■ RECORDED INFORMATION ■
=-=-=-=-=
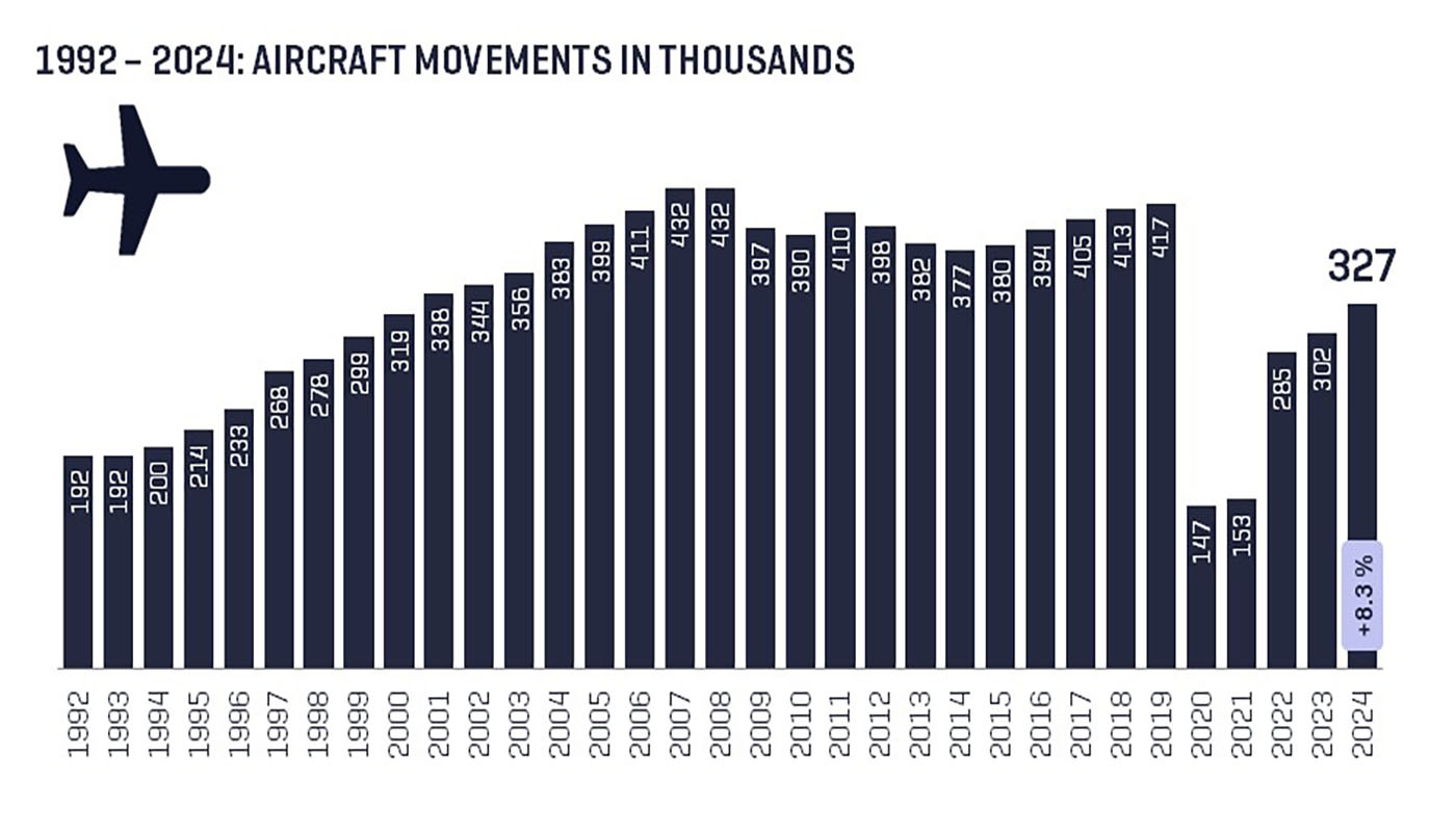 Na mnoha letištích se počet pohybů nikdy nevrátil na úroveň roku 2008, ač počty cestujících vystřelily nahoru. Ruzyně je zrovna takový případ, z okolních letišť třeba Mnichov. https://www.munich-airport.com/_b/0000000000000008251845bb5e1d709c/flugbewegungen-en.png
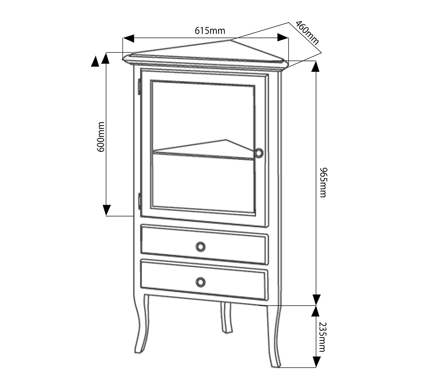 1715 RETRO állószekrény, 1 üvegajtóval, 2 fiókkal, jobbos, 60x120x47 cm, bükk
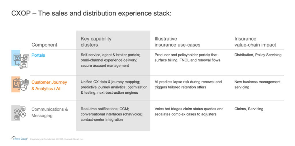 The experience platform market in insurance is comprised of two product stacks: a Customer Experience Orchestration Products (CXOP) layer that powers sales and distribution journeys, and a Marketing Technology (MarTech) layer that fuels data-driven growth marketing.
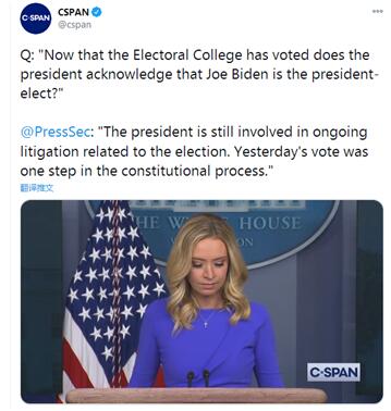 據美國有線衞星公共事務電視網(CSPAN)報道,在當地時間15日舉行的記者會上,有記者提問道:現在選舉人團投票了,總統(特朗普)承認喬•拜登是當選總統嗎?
=-=-=-=-=
■ TASK INSTRUCTIONS ■
Word for word, restate the whole listing and drop the images.

■ RESPONSE BOX ■
 Na mnoha letištích se počet pohybů nikdy nevrátil na úroveň roku 2008, ač počty cestujících vystřelily nahoru. Ruzyně je zrovna takový případ, z okolních letišť třeba Mnichov. https://www.munich-airport.com/_b/0000000000000008251845bb5e1d709c/flugbewegungen-en.png
 1715 RETRO állószekrény, 1 üvegajtóval, 2 fiókkal, jobbos, 60x120x47 cm, bükk
 The experience platform market in insurance is comprised of two product stacks: a Customer Experience Orchestration Products (CXOP) layer that powers sales and distribution journeys, and a Marketing Technology (MarTech) layer that fuels data-driven growth marketing.
 據美國有線衞星公共事務電視網(CSPAN)報道,在當地時間15日舉行的記者會上,有記者提問道:現在選舉人團投票了,總統(特朗普)承認喬•拜登是當選總統嗎?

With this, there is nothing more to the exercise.